> _Exercise prompt_: The lines in the listing below are to be given again exactly, starting at the line holding "Bier Royale, modeled" and ending at the line holding "23 февраля сочинские". Do not include pictures.

> _Input_:
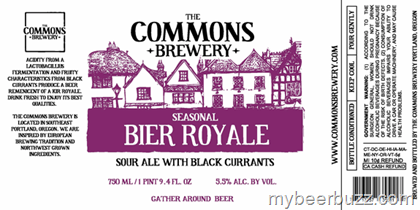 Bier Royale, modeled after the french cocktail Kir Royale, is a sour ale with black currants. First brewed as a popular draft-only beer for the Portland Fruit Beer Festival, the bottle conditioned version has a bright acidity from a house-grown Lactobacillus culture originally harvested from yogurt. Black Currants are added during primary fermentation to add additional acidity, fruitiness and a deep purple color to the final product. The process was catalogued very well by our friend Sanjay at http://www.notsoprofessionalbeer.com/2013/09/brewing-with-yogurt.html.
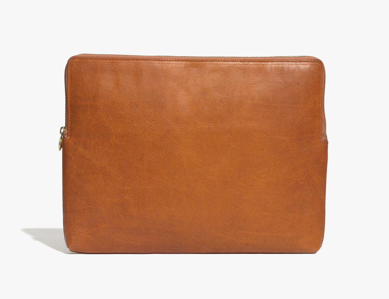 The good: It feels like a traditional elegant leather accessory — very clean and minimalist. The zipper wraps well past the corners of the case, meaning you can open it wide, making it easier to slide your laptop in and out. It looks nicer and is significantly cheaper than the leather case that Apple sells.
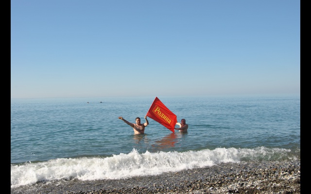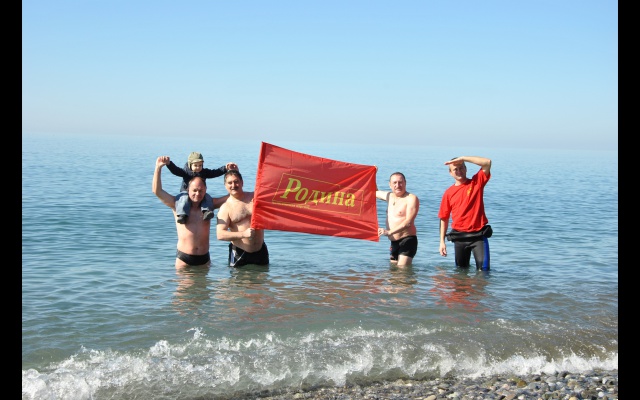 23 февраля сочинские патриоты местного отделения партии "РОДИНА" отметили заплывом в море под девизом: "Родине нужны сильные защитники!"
...
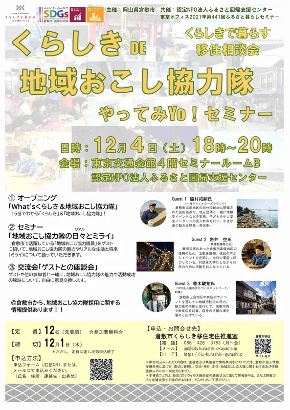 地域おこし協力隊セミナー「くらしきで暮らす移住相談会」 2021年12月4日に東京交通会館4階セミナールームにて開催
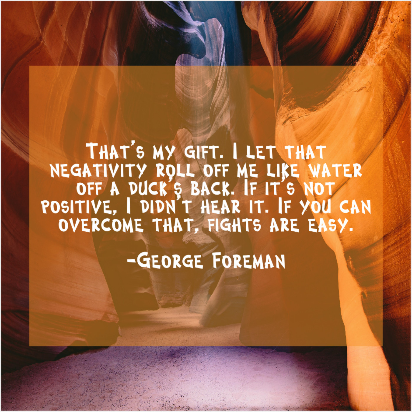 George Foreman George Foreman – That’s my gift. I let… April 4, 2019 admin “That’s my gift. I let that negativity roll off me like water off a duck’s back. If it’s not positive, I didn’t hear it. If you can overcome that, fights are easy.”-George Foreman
==
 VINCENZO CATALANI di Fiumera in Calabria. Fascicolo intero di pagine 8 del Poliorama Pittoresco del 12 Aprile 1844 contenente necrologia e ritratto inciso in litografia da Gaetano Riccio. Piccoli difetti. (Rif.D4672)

> _Solution to this task_:
 Bier Royale, modeled after the french cocktail Kir Royale, is a sour ale with black currants. First brewed as a popular draft-only beer for the Portland Fruit Beer Festival, the bottle conditioned version has a bright acidity from a house-grown Lactobacillus culture originally harvested from yogurt. Black Currants are added during primary fermentation to add additional acidity, fruitiness and a deep purple color to the final product. The process was catalogued very well by our friend Sanjay at http://www.notsoprofessionalbeer.com/2013/09/brewing-with-yogurt.html.
 The good: It feels like a traditional elegant leather accessory — very clean and minimalist. The zipper wraps well past the corners of the case, meaning you can open it wide, making it easier to slide your laptop in and out. It looks nicer and is significantly cheaper than the leather case that Apple sells.
 23 февраля сочинские патриоты местного отделения партии "РОДИНА" отметили заплывом в море под девизом: "Родине нужны сильные защитники!"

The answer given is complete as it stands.